发明名称 Encoding of variable-length data with unary formats
摘要 Embodiments provide methods and systems for encoding and decoding variable-length data, which may include methods for encoding and decoding search engine posting lists. Embodiments may include different encoding formats including group unary, packed unary, and/or packed binary formats. Some embodiments may utilize single instruction multiple data (SIMD) instructions that may perform a parallel shuffle operation on encoded data as part of the decoding processes. Some embodiments may utilize lookup tables to determine shuffle sequences and/or masks and/or shifts to be utilized in the decoding processes. Some embodiments may utilize hybrid formats.

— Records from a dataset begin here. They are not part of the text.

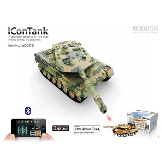 The iCobTank is a fighting tank controlled by smartphones, tablets and other mobile devices like the iPod touch, iPhone or iPad. It features a vivid and realistic appearance with a camouflage exterior. Enjoy your spare time with your beloved kids with this funny battle tank.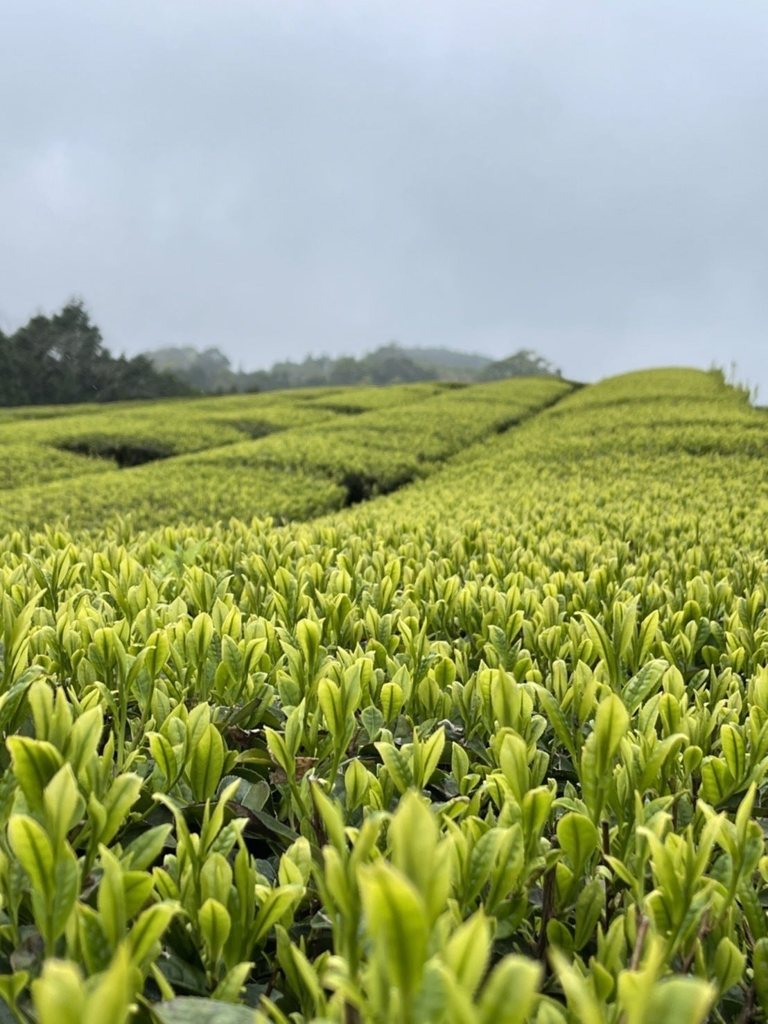場所は、熊本県と鹿児島県の県境で、標高580mの山の頂上に14ヘクタールの広大な敷地があります。その中の8ヘクタールがお茶畑です。通常は防霜ファンといって、扇風機みたいな霜除けがあるのですが、ここには1本もなく、広大なお茶畑なのに、昔ながらの風景が楽しめるのも自慢の一つです。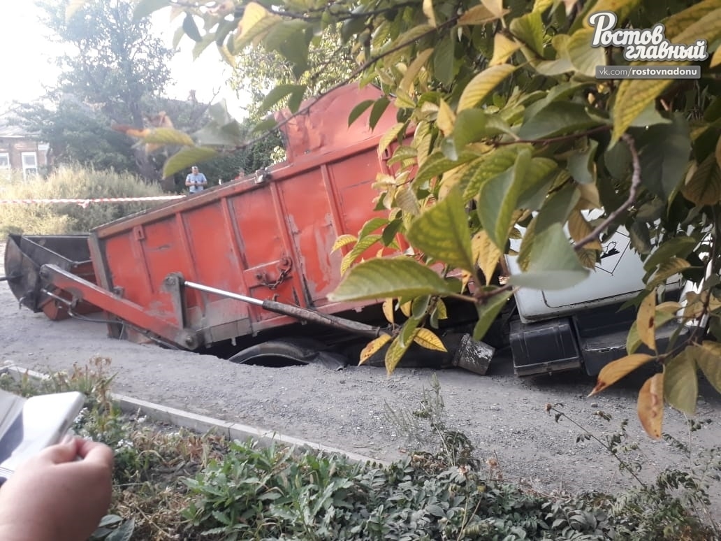 Таганрог верен себе: мусоровоз провалился в огромную яму посреди дороги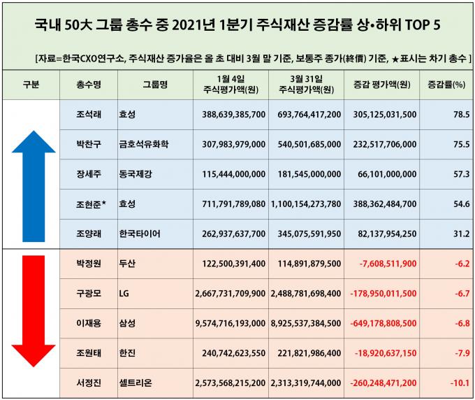한국CXO연구소는 6일 이 같은 내용을 담은 '2021년 1분기 국내 50대 그룹 총수 주식재산 변동 현황 분석'을 내놓았다. 조사 대상은 공정거래위원회가 관리하는 대기업 집단 중 동일인에 해당하는 총수가 있는 50대 그룹이다. 여기에 차기 총수로 유력한 현대자동차 정의선·효성 조현준 회장이 포함됐다.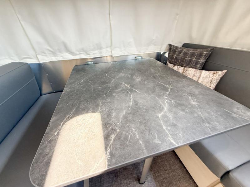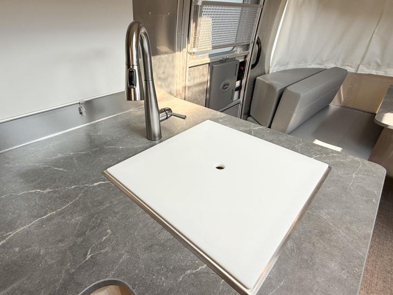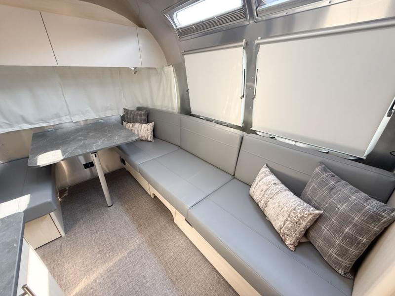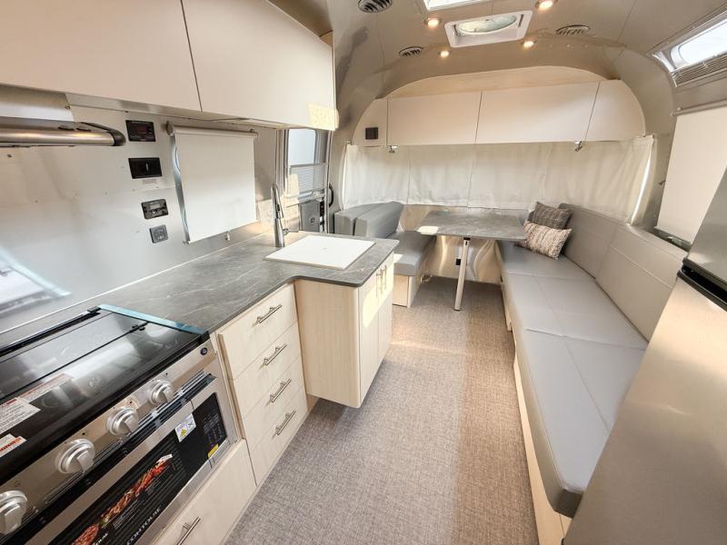 The family-friendly and popular Flying Cloud travel trailers by Airstream are built for ease of towing with a rear-view camera to make reversing and parking easier and stainless steel front stone guards to protect the lower segments from road debris. The iconic Airstream design is created outside and inside by the semi-monocoque aluminum superstructure, the temperature reducing one-piece white aluminum roof, the panoramic front windows, and the stylish aluminum wheels. The interior will have you feeling right at home with handcrafted cabinetry, plenty of storage and counter space, sleek roller blinds and blackout curtains, plus residential style faucets!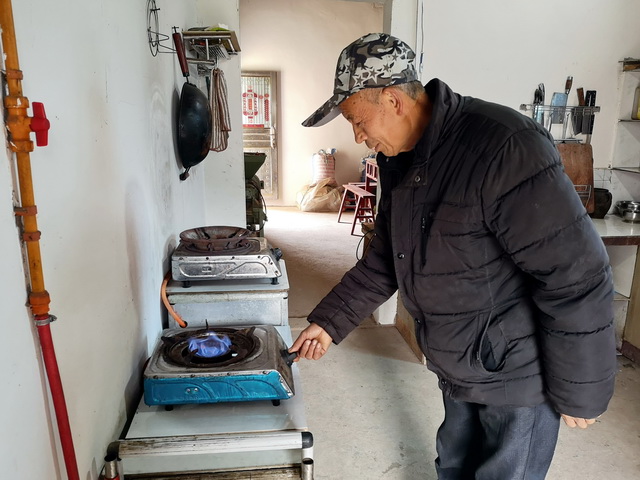 仪陇县双胜镇新民村村民许家全向记者介绍沼气灶具使用情况。摄影/章轲

申请公布号 US9336225(B2) 申请公布日期 2016.05.10
申请号 US201113077479 申请日期 2011.03.31
申请人 A9.com, Inc. 发明人 Rose Daniel E.;Stepanov Alexander A.;Gangolli Anil Ramesh;Oberoi Paramjit S.;Ernst Ryan Jacob
分类号 G06F17/30;H03M7/40;H03M7/46 主分类号 G06F17/30
代理机构 Hogan Lovells US LLP 代理人 Hogan Lovells US LLP
主权项 1. A computer-implemented method for encoding document identification numbers for a search engine posting list comprising: determining a block size for data storage; receiving a plurality of document identification numbers for the search engine posting list; determining differences between adjacent document identification numbers of the plurality of document identification numbers; determining a plurality of encoded representations for the differences between adjacent document identification numbers, wherein each encoded representation of the plurality of encoded representations is a variable-length representation; identifying a sequential subset of the plurality of encoded representations, wherein a sum of a respective size of each encoded representation in the sequential subset is less than or equal to the block size for data storage; generating one or more descriptors for the sequential subset, the one or more descriptors providing information regarding the respective size of each encoded representation in the sequential subset in a packed unary representation, the packed unary representation packing a unary descriptor comprising a plurality of continuation bits into least-significant bits of an encoded representation; and storing the one or more descriptors and the sequential subset of the plurality of encoded representations.
地址 Palo Alto CA US